One-to-one marketing is a new variation of an old concept, one depending on a customer relationship management (CRM) strategy that focuses on personal interaction and investing in personal communication. While much attention is focused on mass marketing simply because it is so visible, one-to-one marketing, also written as 1:1 marketing, has been showing signs of a resurgence in recent years.
While one-to-one marketing may be a natural fit with person-to-person marketing, that is only one component of the entire strategy. Some companies, such as Amazon for example, are very adept at using these types of marketing concepts to market products. The company does this by tracking what customers have looked at and what they have purchased, then displays products based on that past history.
This type of focused marketing serves a number of important functions. First, it lets the customer know that he or she has been noticed. Second, it provides easy access to the types of products the customer has expressed interest in, thus increasing the chances of sale.

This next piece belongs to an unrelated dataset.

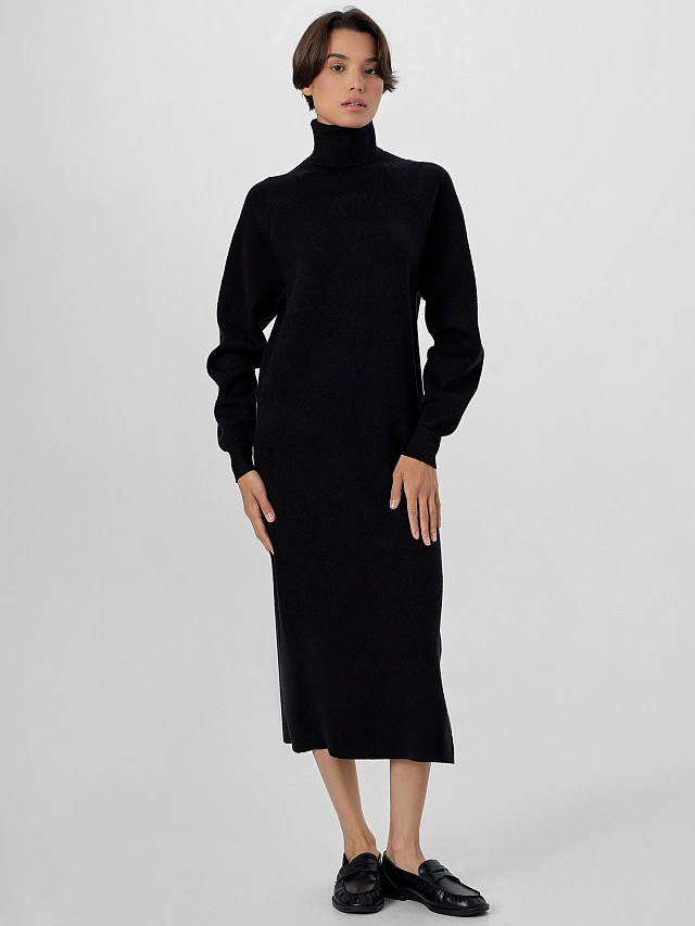 Женское черное платье с длинными рукавами — элегантная модель для прохладного сезона. Высокий воротник-стойка не только эффектно обрамляет шею, но и надежно защищает от холода. Длина ниже колен и рукава, зауженные на манжетах, создают утонченный, вытянутый силуэт. Стильный вырез на левом бедре — вносит в образ ноту современности.

Amazon did not pioneer the one-to-one marketing concept, but rather pioneered its use in a software format. For years, the small retailers always took care of their customers by anticipating orders, even picking orders before the customer ever came through the door. Most good business owners understand that a customer can purchase products, at nearly the same price, from a number of different suppliers or retailers. Given that level of competition, one way suppliers can separate themselves is in the service area. Having those customer interactions and appreciations is key to delivering great customer service.
While a business owner may not put it in exactly these terms, one-to-one marketing depends on data. It must be acquired, stored and utilized. In some cases, this could be through a formal, well organized process. But for many in business, this is accomplished through the course of everyday business and instinctive intuition.
Once the data is collected, one-to-one marketing moves into a promotional phase, where a customer may be profiled in order to more effectively meet his or her needs. While the term profiling has a negative connotation in some situations, this strategy can actually help the customer and supplier by saving time, energy and money.